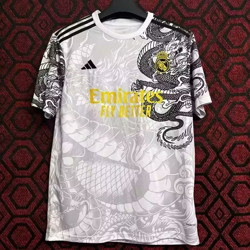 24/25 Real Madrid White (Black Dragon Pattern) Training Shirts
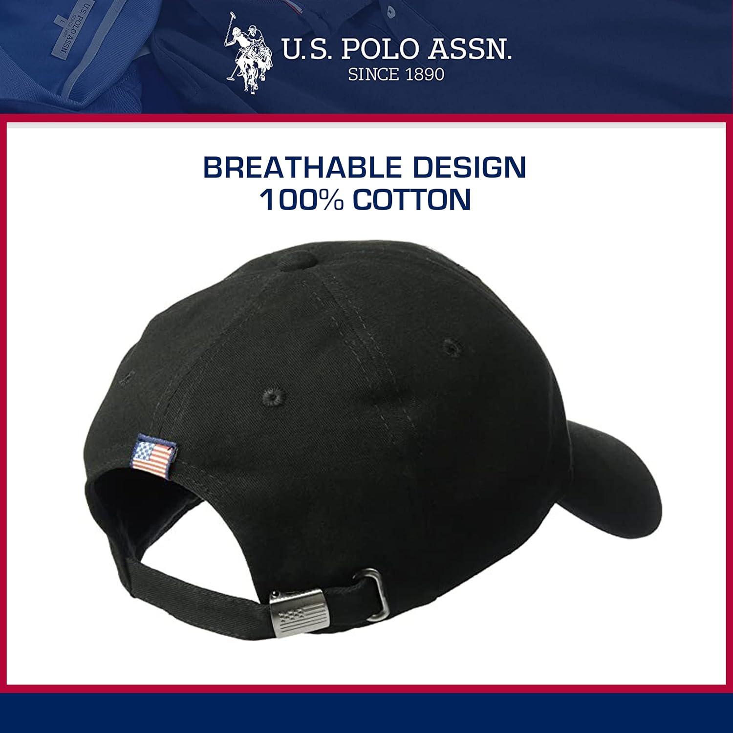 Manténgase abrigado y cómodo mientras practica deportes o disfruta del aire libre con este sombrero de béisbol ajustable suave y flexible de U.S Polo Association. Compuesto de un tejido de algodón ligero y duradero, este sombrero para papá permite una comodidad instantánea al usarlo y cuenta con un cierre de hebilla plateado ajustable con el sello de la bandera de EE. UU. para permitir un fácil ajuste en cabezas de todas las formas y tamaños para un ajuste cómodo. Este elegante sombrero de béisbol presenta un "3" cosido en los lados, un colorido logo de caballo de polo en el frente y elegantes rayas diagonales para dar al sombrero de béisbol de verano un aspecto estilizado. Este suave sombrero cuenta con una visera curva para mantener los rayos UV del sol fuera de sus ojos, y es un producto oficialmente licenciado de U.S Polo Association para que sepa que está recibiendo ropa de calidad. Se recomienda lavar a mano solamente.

^^^^

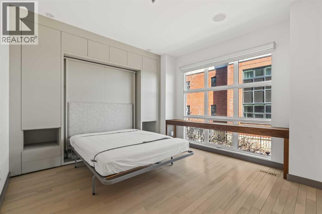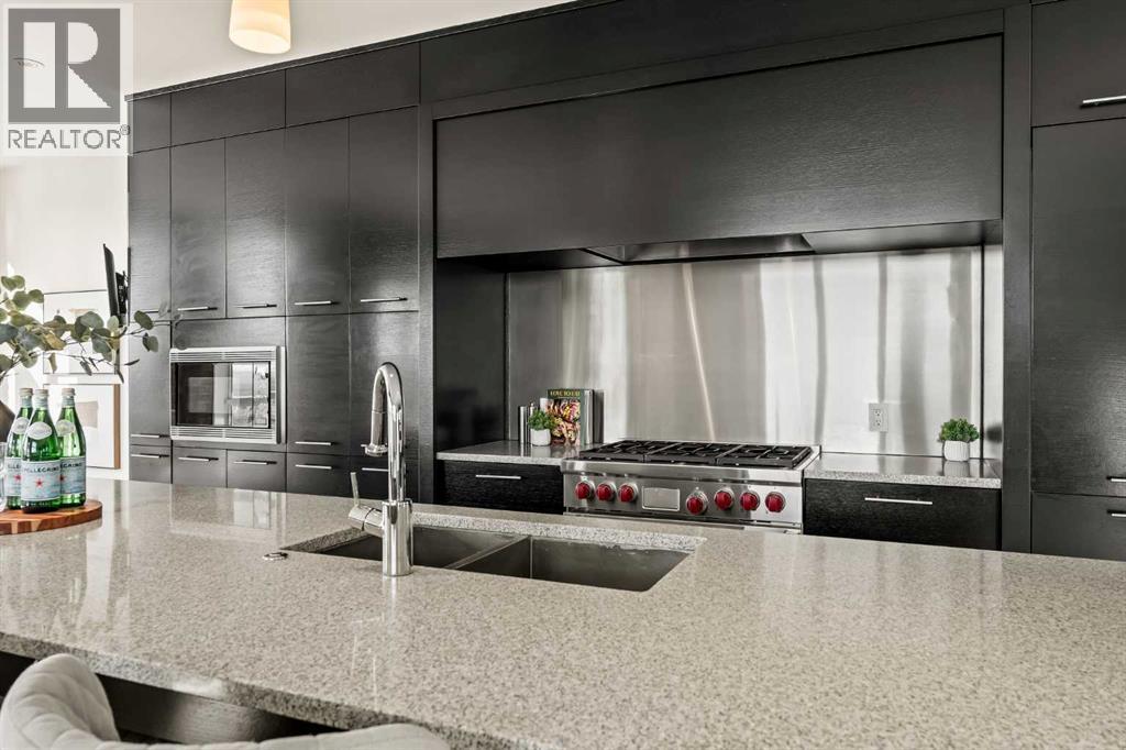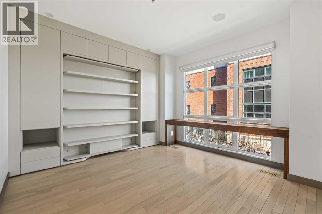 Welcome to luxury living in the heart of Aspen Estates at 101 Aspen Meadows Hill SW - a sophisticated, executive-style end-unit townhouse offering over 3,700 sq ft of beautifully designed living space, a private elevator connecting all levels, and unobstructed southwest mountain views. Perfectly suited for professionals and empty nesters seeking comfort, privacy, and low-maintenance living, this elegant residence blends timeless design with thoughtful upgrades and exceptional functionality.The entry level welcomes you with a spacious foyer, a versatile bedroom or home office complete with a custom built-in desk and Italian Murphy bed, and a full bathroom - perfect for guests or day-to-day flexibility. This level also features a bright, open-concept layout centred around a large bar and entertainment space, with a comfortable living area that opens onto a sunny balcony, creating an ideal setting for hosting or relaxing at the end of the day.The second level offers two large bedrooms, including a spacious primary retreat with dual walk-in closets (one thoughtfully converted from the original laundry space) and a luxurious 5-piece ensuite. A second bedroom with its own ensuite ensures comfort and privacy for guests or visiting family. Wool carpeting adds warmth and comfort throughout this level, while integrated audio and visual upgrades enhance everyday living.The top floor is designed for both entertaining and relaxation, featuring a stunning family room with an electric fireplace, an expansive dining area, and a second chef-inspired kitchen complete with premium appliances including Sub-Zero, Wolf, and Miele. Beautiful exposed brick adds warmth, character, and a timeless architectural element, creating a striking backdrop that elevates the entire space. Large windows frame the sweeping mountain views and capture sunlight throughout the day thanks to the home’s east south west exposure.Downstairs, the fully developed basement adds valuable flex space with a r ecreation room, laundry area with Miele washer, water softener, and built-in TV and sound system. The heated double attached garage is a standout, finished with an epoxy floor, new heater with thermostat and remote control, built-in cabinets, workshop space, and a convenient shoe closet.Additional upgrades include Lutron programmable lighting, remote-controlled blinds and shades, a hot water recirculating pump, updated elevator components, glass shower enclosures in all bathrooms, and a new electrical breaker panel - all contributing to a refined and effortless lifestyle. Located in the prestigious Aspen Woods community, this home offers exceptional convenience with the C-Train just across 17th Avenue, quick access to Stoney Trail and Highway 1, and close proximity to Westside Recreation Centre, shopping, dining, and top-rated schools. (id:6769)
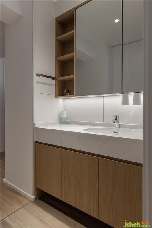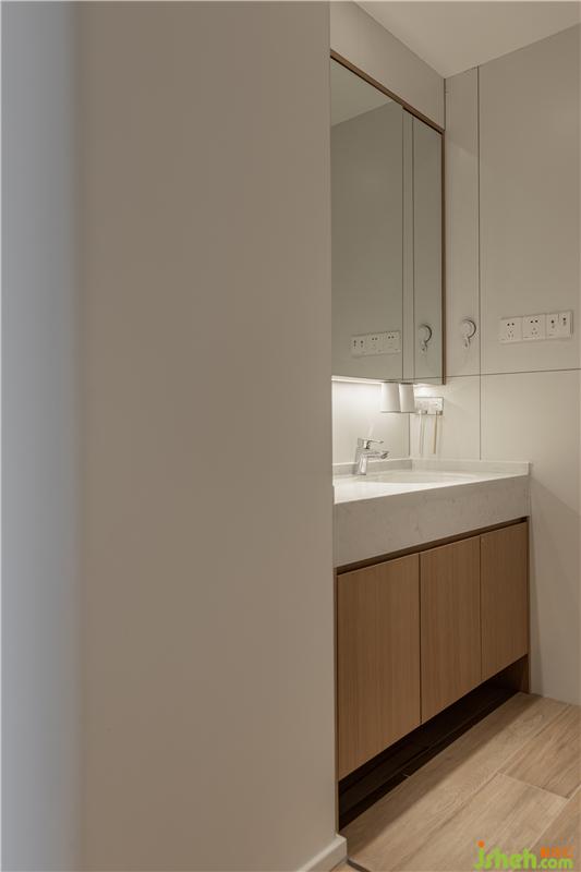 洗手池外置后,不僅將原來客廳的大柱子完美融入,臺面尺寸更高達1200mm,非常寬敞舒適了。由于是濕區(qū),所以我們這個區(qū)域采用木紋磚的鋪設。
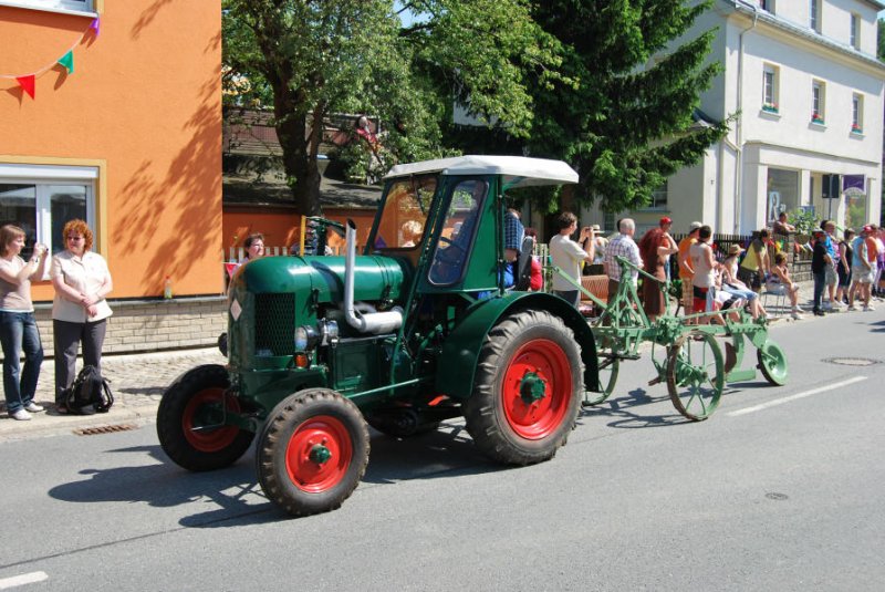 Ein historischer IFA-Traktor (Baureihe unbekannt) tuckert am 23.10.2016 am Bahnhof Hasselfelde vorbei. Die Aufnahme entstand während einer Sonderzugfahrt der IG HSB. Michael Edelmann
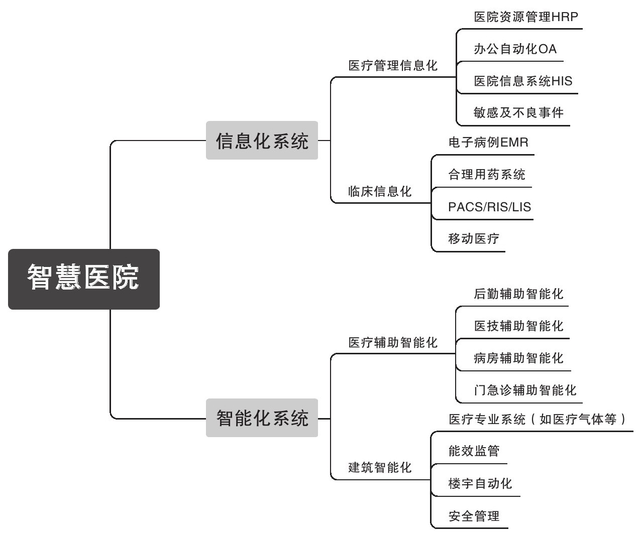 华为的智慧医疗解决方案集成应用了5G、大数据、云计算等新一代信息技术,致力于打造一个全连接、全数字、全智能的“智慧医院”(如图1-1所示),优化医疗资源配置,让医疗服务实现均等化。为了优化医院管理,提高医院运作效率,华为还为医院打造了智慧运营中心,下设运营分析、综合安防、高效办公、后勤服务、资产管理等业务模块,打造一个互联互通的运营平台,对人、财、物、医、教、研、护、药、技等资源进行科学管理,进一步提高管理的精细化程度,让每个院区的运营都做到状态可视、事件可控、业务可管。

^^^^

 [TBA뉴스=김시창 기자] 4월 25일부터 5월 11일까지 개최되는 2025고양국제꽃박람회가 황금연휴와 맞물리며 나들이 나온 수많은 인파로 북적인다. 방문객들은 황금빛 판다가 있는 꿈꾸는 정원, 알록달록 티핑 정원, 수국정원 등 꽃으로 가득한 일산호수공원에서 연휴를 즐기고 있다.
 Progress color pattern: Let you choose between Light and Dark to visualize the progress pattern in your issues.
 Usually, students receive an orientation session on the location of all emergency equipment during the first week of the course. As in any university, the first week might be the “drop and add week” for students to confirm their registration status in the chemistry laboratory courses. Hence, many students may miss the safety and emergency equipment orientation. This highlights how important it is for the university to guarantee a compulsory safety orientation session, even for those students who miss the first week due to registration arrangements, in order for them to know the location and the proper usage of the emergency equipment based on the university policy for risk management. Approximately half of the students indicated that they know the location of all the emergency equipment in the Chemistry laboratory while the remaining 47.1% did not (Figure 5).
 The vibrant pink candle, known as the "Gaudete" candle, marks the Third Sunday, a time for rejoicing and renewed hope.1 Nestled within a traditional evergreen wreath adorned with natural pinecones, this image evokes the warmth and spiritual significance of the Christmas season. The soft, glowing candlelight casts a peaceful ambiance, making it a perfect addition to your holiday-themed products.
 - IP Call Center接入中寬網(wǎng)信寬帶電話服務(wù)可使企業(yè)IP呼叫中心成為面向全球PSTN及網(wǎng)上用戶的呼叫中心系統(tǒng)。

^^^^

▶ [WORK TO COMPLETE]
Of all the lines in the entries, count those with the string "your", and report only that number.

▶ [SOLUTION TO THE PROBLEM]
2